SUPPLIED INFORMATION >>
= Beginning of Section =

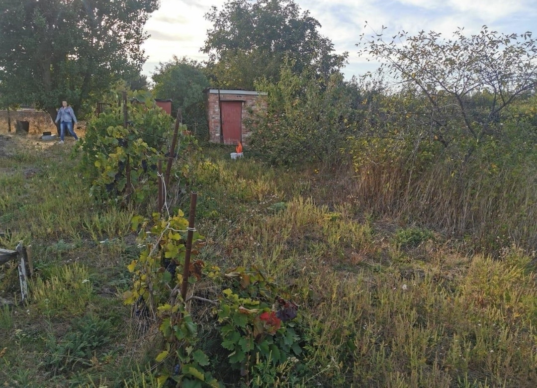 Продам угловой участок Снт Тополь 9 аллея, огороженный, есть бак для воды, небольшой сарайчик, деревья груша, яблоня, слива, виноград разных сортов, чёрная смородина
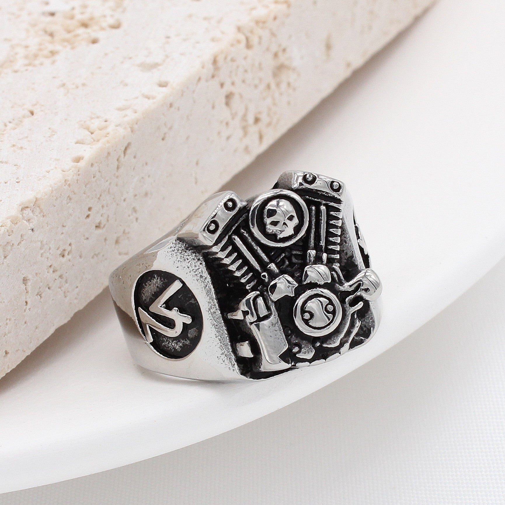 Elevate your style with this unique piece that combines durability with a vintage-inspired motif. Embrace the spirit of the open road and make a bold statement with the Retro Motorcycle Engine Men's Titanium Ring.
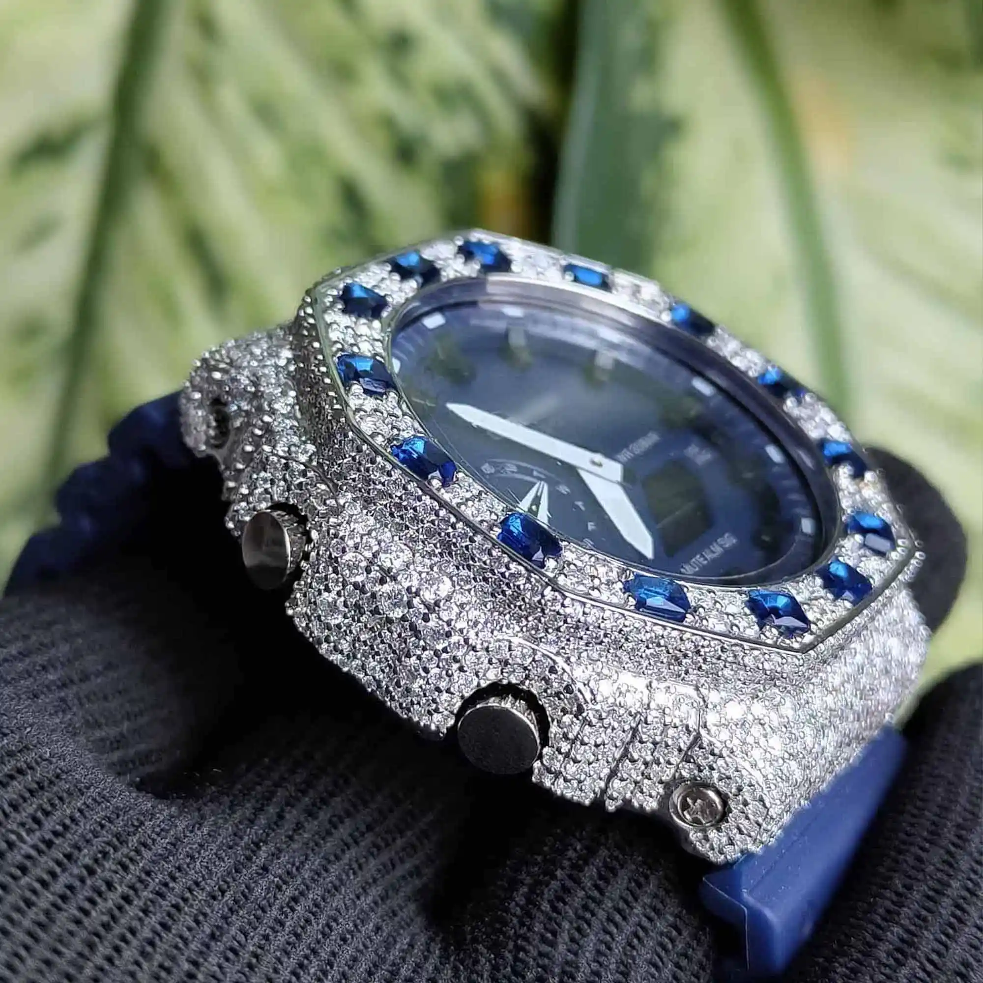 - Signature Bezel: Features 12 vibrant, baguette-cut blue lab-sapphires as hour markers on the iced-out octagonal bezel.

= End of Section =

WHAT IS EXPECTED >>
Would you return the material above exactly, apart from its pictures?

OUTPUT FOR THIS TASK >>
 Продам угловой участок Снт Тополь 9 аллея, огороженный, есть бак для воды, небольшой сарайчик, деревья груша, яблоня, слива, виноград разных сортов, чёрная смородина
 Elevate your style with this unique piece that combines durability with a vintage-inspired motif. Embrace the spirit of the open road and make a bold statement with the Retro Motorcycle Engine Men's Titanium Ring.
 - Signature Bezel: Features 12 vibrant, baguette-cut blue lab-sapphires as hour markers on the iced-out octagonal bezel.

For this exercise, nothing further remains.